2

I want to change the hover text and hover data for a python plotly boxplot. Instead of 5 separate hover boxes for max, q3, median, q1, and min, I want one condensed hover box for Median, Mean, IQR and date. I have played around with every "hover" variable with no luck. My sample code is found below.

import numpy as np
import plotly.express as px

lst = [['2020'], ['2021']] 
numbers = [20 , 25]
r = [x for i, j in zip(lst, numbers) for x in i*j]

df = pd.DataFrame(r, columns=['year'])
df['obs'] = np.arange(1,len(df)+1) * np.random.random()

mean = df.groupby('year').mean()[['obs']]
median = df.groupby('year').median()[['obs']]
iqr = df.groupby('year').quantile(0.75)[['obs']] - df.groupby('year').quantile(0.25)[['obs']]

stats = pd.concat([mean,median,iqr], axis=1)
stats.columns = ['Mean','Median','IQR']
tot_df = pd.merge(df,stats, right_index=True, left_on='year', how = 'left')

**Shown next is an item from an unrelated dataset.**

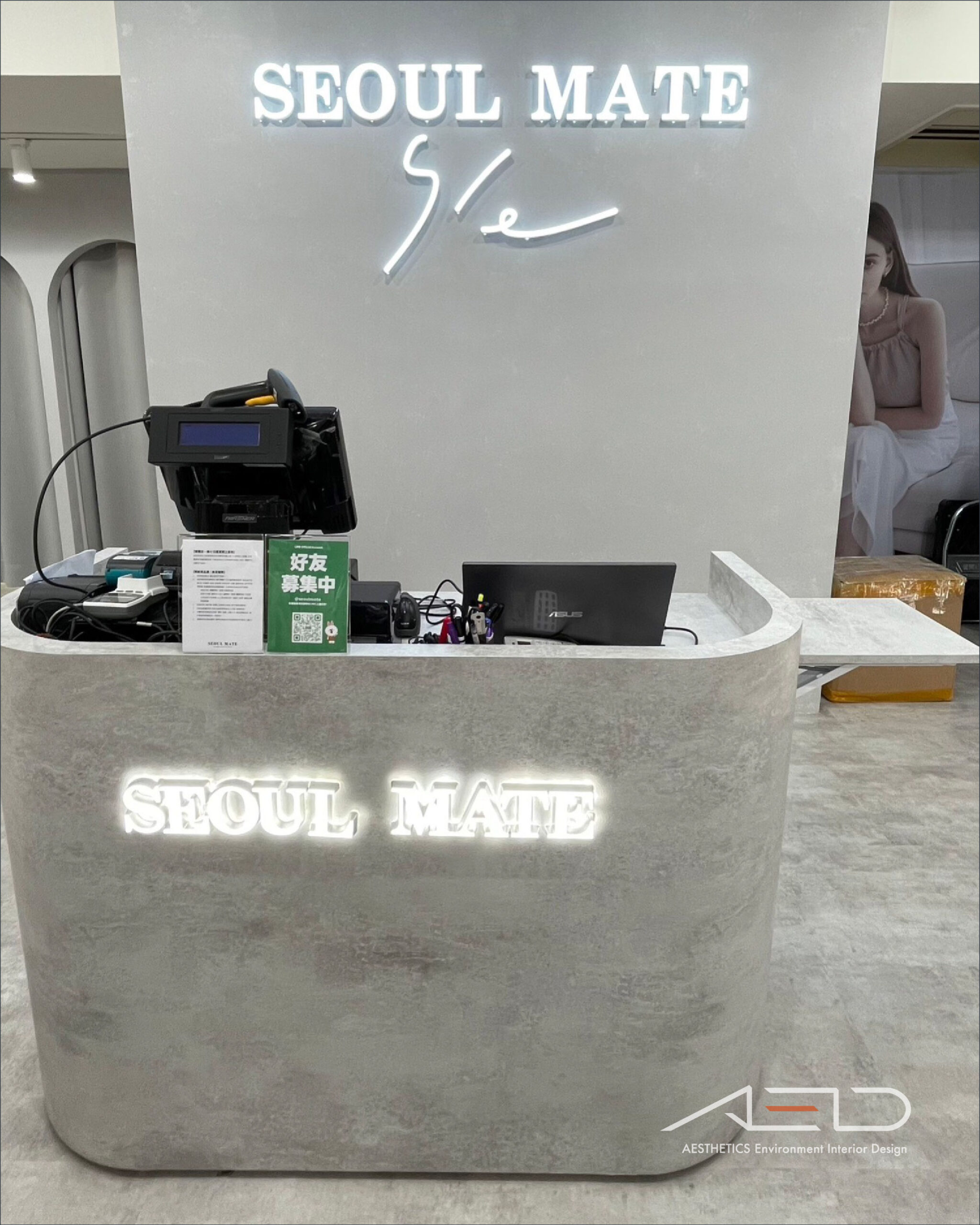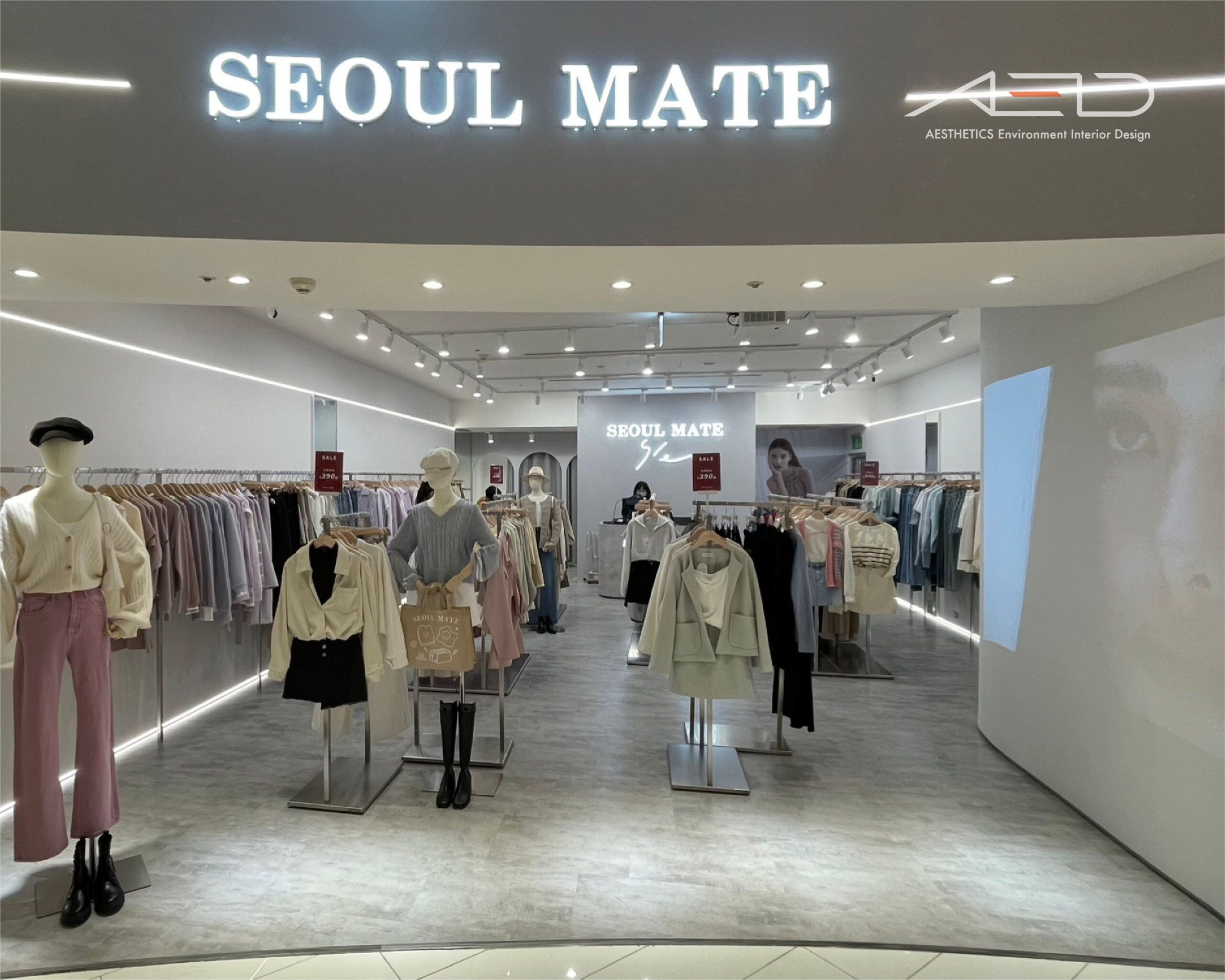 弧形立面結合 LED 品牌識別與線性燈光框構,形成鮮明且優雅的入口形象,使 SEOUL MATE 的時尚風格在百貨動線中被清晰呈現。

fig = px.box(tot_df, x="year", y="obs", points=False, hover_data=['year','Mean','Median','IQR'])
fig.show()

enter image description here

In this case I tried to use "hover_data", which does not raise an error, but also does not change the plot, as shown above. I have tried both express and graph_objects with no luck. My plotly versions is 4.9.0. Thank you!

njalex22
  • 367
  • 1
  • 4
  • 13

1 Answers1

3
  • have used technique of overlaying a bar trace over boxplot trace
  • bar trace can be configured to show information you want
  • for sake of demonstration, I have set opacity to 0.05 it can be set to 0 to make it fully invisible
  • have built this against plotly 5.2.1, have not tested against 4.9.0
import numpy as np
import plotly.express as px
import pandas as pd

lst = [['2020'], ['2021']] 
numbers = [20 , 25]
r = [x for i, j in zip(lst, numbers) for x in i*j]

df = pd.DataFrame(r, columns=['year'])
df['obs'] = np.arange(1,len(df)+1) * np.random.random()

mean = df.groupby('year').mean()[['obs']]
median = df.groupby('year').median()[['obs']]
iqr = df.groupby('year').quantile(0.75)[['obs']] - df.groupby('year').quantile(0.25)[['obs']]

stats = pd.concat([mean,median,iqr], axis=1)
stats.columns = ['Mean','Median','IQR']
tot_df = pd.merge(df,stats, right_index=True, left_on='year', how = 'left')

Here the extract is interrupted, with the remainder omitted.